Dear Sacred Heart and St. Mary on the Lake,
This weekend I asked Dominic to share his story.
“I was raised in a Catholic family in Plymouth, MI. I am the youngest of six- I have two older brothers and three older sisters. We attended Christ the King Parish in Ann Arbor.
In middle school I got to attend a week-long summer Camp called Pine Hills, where I saw the witness of men authentically living Christianity in joy in a way I had not seen before. It made me have an open mind to all that I had been taught at Catholic school and Mass. What if it’s true? So, for that week I said, “I’m just gonna assume it’s all true, and see what happens,” and I opened my heart to the Holy Spirit and everything God wanted to give me. It was that week that solidified both that God is real and that I wanted Him to be the center of everything I do.
Until that point, I had been living in a place where I cared more about what other people thought of me than anything else. My friend group was the source of my identity. During that week at camp, I felt free from all that, and the Lord showed me a desire I had no idea that I had. I experienced a joy and a life that I had never known before, and I knew even if I lost all my friends, everything I had, the Lord is what I wanted. I wanted God to be the center. Little did I know this was the seed of a priestly vocation for a 7th grade Dominic. I think it was because I knew right then that I wanted Jesus to be the center. Even if I didn’t have the courage to live it then, because I wanted to be popular, I knew that’s really what I wanted.
Sophomore year was really a turning point for me. I had the choice either to go with the crowd and party or not, and by the grace of God I didn't. I just said, “Jesus, You know I want You, just give me more of You”. Through the power of the Holy Spirit, by leaning on Him, I walked through the years of high school, giving more and more of my life over to God. I came to a point where I lost almost all of my friends; the Lord was just slowly purifying that desire for more of Him. Interestingly enough, one thing I wouldn't give Him was seminary. I thought, “My life is yours as long as You don’t call me to be a priest." I thought I wouldn’t be happy unless I got married. That was my plan. I thought, "That’s what everybody does who’s normal. That’s what I’m gonna do because I’m normal.”
But I gave God a seed during my senior year: I was the rector of a four-day retreat, and I let God lead, whatever He wanted me to do. In small things I found that when I did His will instead of my own will, I was happier! Because three priests had asked me to consider priesthood in the previous year, this realization made me think seriously about seminary for the first time. I realized that even if I didn’t want to be a priest right then, if I’m called to be a priest that’s truly what will make me happiest. I decided to give it a shot and trusted God with the step into seminary, because I had peace and joy. I didn’t know if I would discern priesthood or not- a lot of guys discern out and marry. Even though I didn’t know what the outcome would be, I trusted in the Lord. It has been the most joyful decision I have made in my life.

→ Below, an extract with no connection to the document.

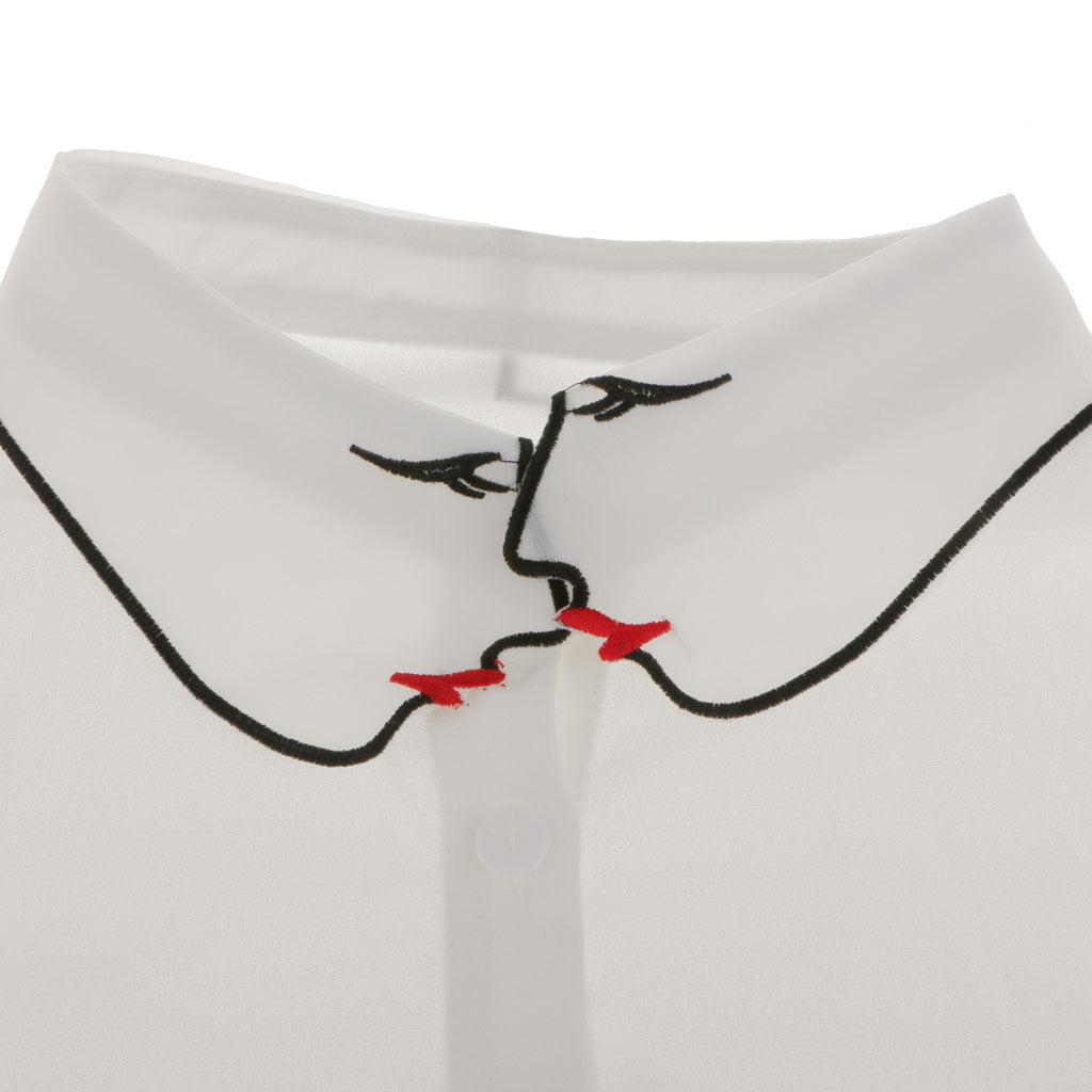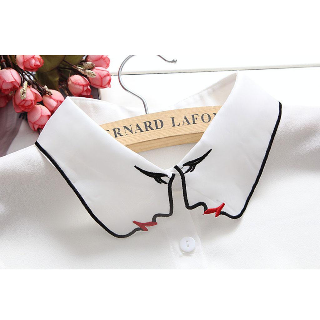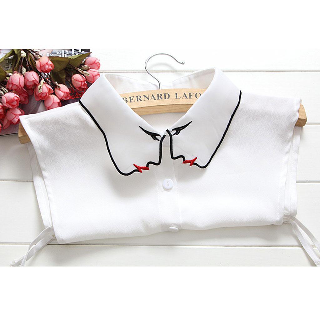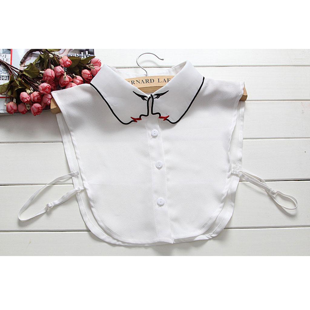 Phenovo Womens Embroidered Half Shirts Detachable Blouse Faux Collar White

Two graces I have received have been the gift of friends who desire to know the Lord more, and who love me like their brother, as well as the gift of intimacy with God that's deeper than I had ever had before. While the gift of seminary is great, it has made me desire even more the gift of priesthood. I see it not as an obligation, as I did in middle school, but as a fulfillment of the desire that God planted in me at Pine Hills, that I want to be all God’s. Even if I lose everything in this life, I know Eternal life is what I want; it is the pearl of great price.